The incubation period is usually 5 to 14 days but can be up to 21 days.

The initial onset of the clinical disease is similar to many infectious diseases and usually includes:

  • fever
  • muscle aches and pains
  • fatigue
  • anorexia
  • chills
  • headache

Approximately 20% of patients will recover from the initial illness, while 80% will progress to a haemorrhagic fever syndrome. The initial prodromal phase of AHF lasts approximately 1 week after symptom onset and as well as the symptoms above may include:

  • eye pain
  • conjunctivitis and swelling around the eyes
  • dizziness
  • sensitivity to light
  • constipation or mild diarrhoea
  • petechial rash
  • bleeding gums
  • swollen neck glands
  • blistering rash in the mouth

20 to 30% of patients then progress to the neurological-haemorrhagic phase, which can include neurological and haemorrhagic manifestations. Haemorrhagic manifestations in cases with AHF range from mild to severe, including petechiae (red spots caused by small bleeding blood vessels), bruising, bleeding gums, nosebleeds, haematomas (a collection of blood outside of the blood vessels), gastrointestinal bleeding, vaginal bleeding, haemoptysis (coughing up blood), and haematuria (blood in the urine). Neurological manifestations include confusion, tremors, seizures and coma.

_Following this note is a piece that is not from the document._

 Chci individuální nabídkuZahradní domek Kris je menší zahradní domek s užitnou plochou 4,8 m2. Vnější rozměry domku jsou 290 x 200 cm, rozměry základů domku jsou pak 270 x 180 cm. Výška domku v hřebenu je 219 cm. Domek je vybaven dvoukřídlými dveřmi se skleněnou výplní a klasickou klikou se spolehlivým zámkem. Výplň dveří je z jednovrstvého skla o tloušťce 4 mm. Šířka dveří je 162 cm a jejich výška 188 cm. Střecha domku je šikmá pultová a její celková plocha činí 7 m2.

Case fatality rates of up to 30% have been reported in untreated cases.

In survivors, the convalescent phase can last for several months after the acute illness. Patients may report generalised weakness, irritability, poor memory and hair loss.

Diagnosis

In the UK, clinicians who suspect that a patient may have AHF should seek urgent advice from the UK Health Security Agency’s (UKHSA) Imported Fever Service (IFS) on 0844 778 8990. The IFS operates 24/7 and provides advice on risk assessment, immediate management and infection control. The IFS will also coordinate urgent testing at UKHSA’s Rare and Imported Pathogens Laboratory (RIPL).

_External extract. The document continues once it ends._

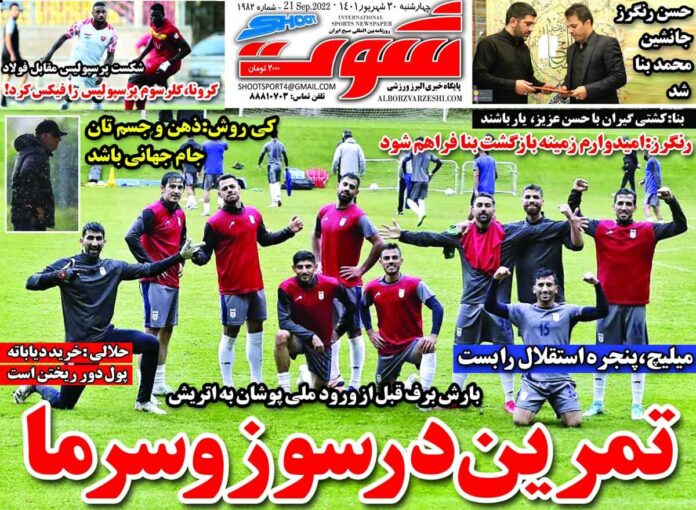 SPORTS روزنامه شوت تمرین در سوز و سرما By - September 20, 2022 0 74 FacebookTwitterPinterestWhatsApp جلد روزنامه شوت چهارشنبه ۳۰ شهریور را میبینید.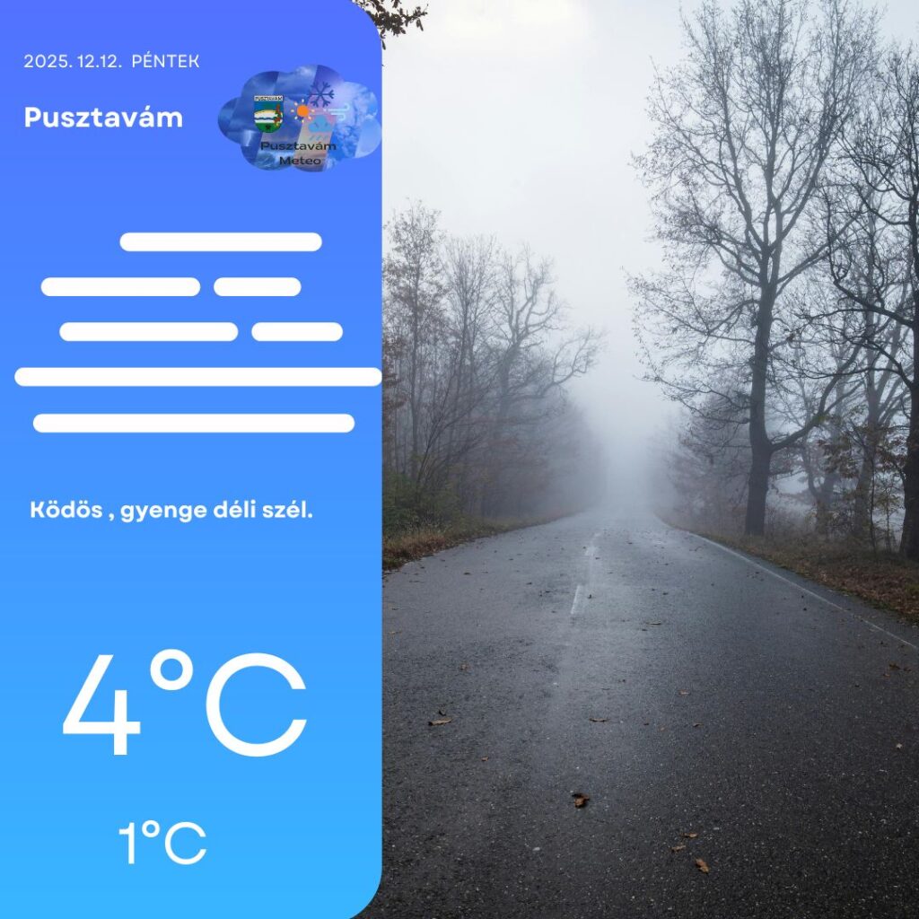 Szombaton nagy valószínűséggel egész nap megmarad a köd 🌫️. A légmozgás gyenge marad, jelentős keveredés nem várható, így a levegő hőmérséklete kis napi hőingással 1 és 4°C között alakul.

See VHF sample testing advice.

Treatment

There are no licensed drugs available to treat Argentine Haemorrhagic Fever. The mainstay of treatment is therefore supportive.

This includes:

  • maintaining good fluid and electrolyte balance
  • managing diarrhoea, vomiting, fever and pain with standard medications
  • blood transfusions as required
  • organ support such as dialysis and ventilation can improve survival in severely unwell patients

Immune plasma has been used historically but there is limited evidence for efficacy.

Ribavirin and favipiravir are antiviral drugs which are under investigation as possible treatment options but more work is needed to establish their efficacy.

Guidelines

The UK has specialist guidance on the management (including infection control) of patients with viral haemorrhagic fevers, including AHF.

The guidelines provide advice on risk assessment, testing and management of suspected VHF cases presenting to healthcare services within the UK.

Prevention and control

An approved vaccine (Candid#1) is available in Argentina and is used to protect against AHF. In Argentina, vaccination is recommended for individuals who may be exposed to Junin virus through their occupations (for example, agricultural or laboratory workers).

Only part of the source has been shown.